*** Information supplied Section Begins ***

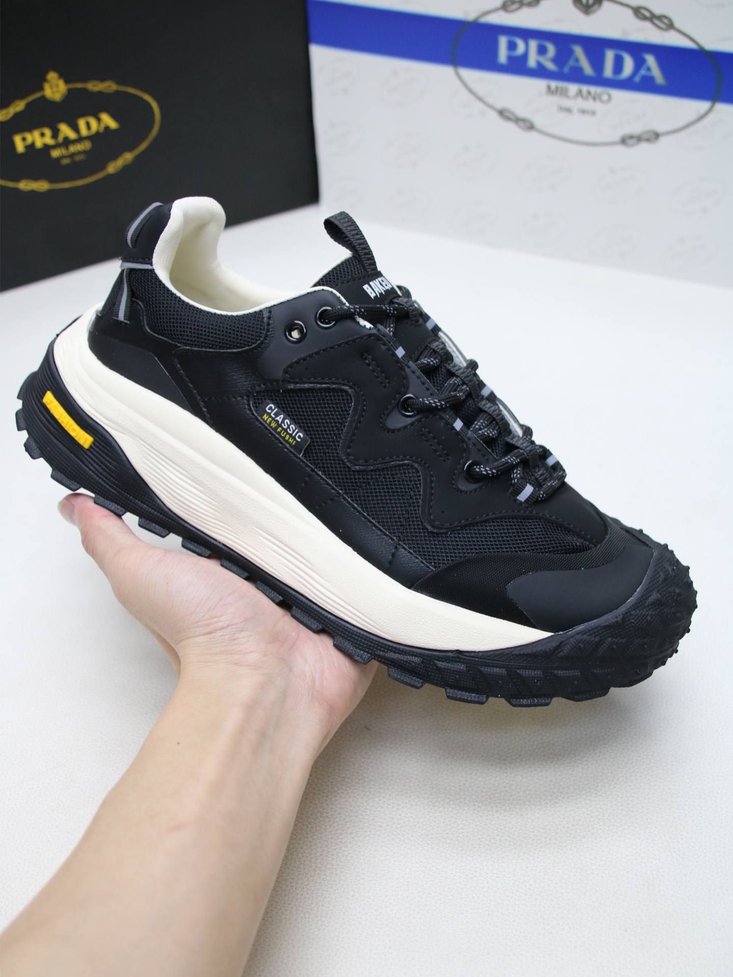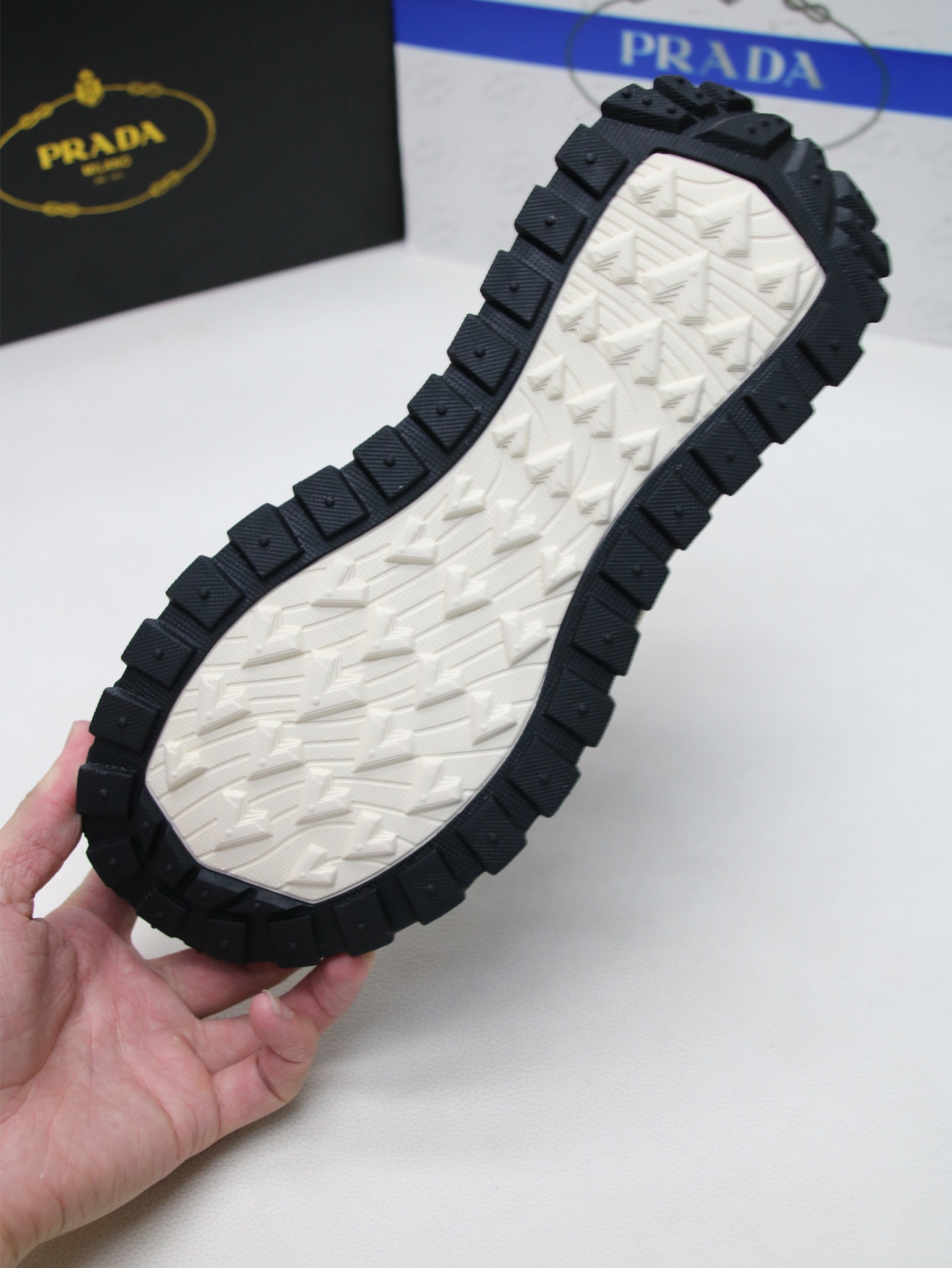 这款鞋子是AAAAA 1:1 质量 (非常棒). 使用了和原版一模一样的材料. 商标部分也保持了和普拉达/Prada一样. 图片拍摄是实物鞋子拍摄, 您所收到的实物保证和我们图片一模一样.
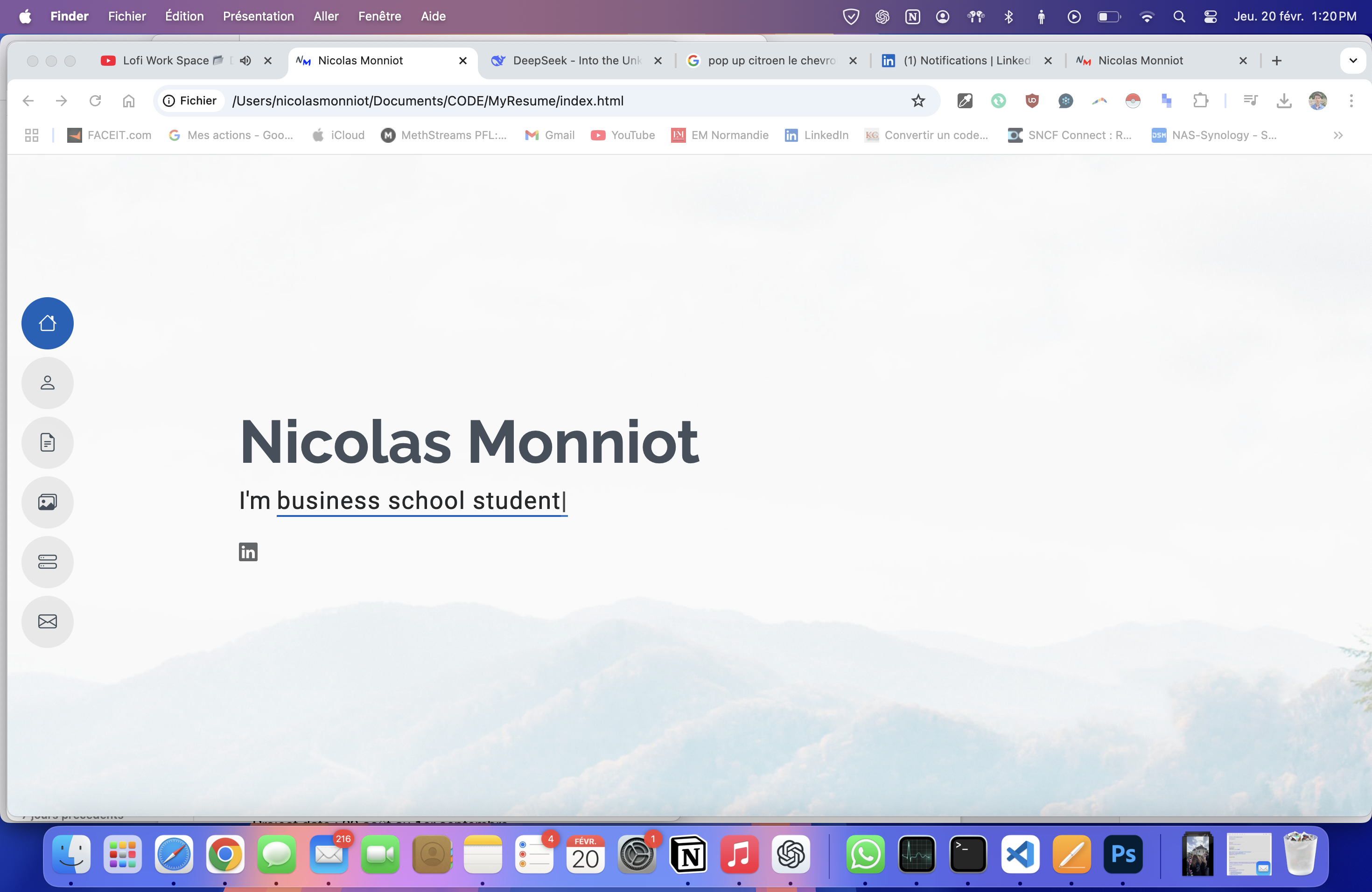 Depuis mes 15 ans, en parallèle de ma passion pour la tech et les ordinateurs, je développe des sites web par plaisir. J’ai commencé avec un site pour une entreprise de chambres d’hôtes et, aujourd’hui, je le fais pour enrichir mon CV.
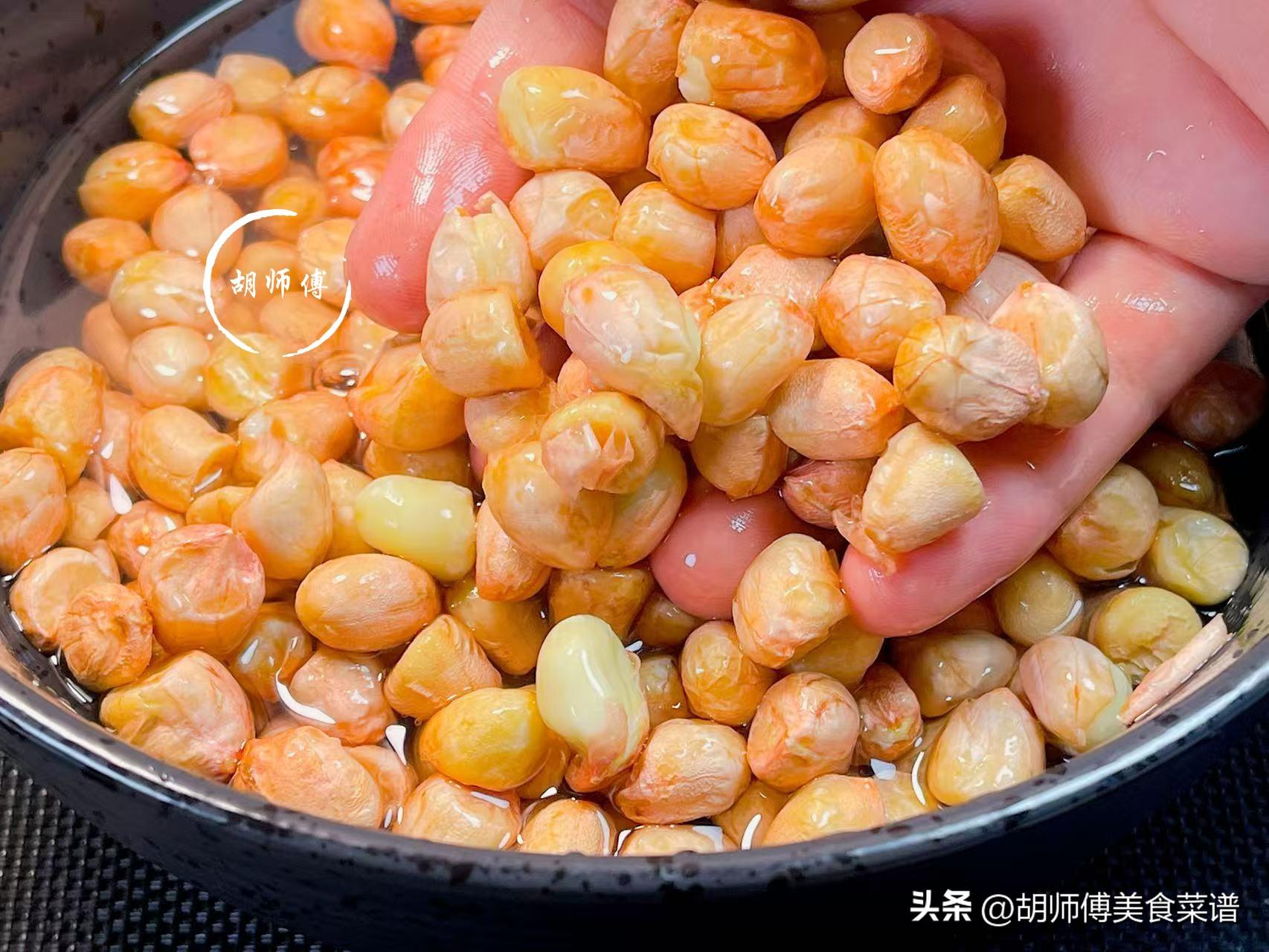 第二步:把花生米放入冷水中浸泡15-20分鐘,直到花生表面的皮有點變皺,就代表花生泡好了,此時再把花生撈出,然後再用自來水將花生沖洗乾淨備用。

*** Information supplied Section Ends ***

Copy out the listing above exactly, and keep the pictures out of it.

 这款鞋子是AAAAA 1:1 质量 (非常棒). 使用了和原版一模一样的材料. 商标部分也保持了和普拉达/Prada一样. 图片拍摄是实物鞋子拍摄, 您所收到的实物保证和我们图片一模一样.
 Depuis mes 15 ans, en parallèle de ma passion pour la tech et les ordinateurs, je développe des sites web par plaisir. J’ai commencé avec un site pour une entreprise de chambres d’hôtes et, aujourd’hui, je le fais pour enrichir mon CV.
 第二步:把花生米放入冷水中浸泡15-20分鐘,直到花生表面的皮有點變皺,就代表花生泡好了,此時再把花生撈出,然後再用自來水將花生沖洗乾淨備用。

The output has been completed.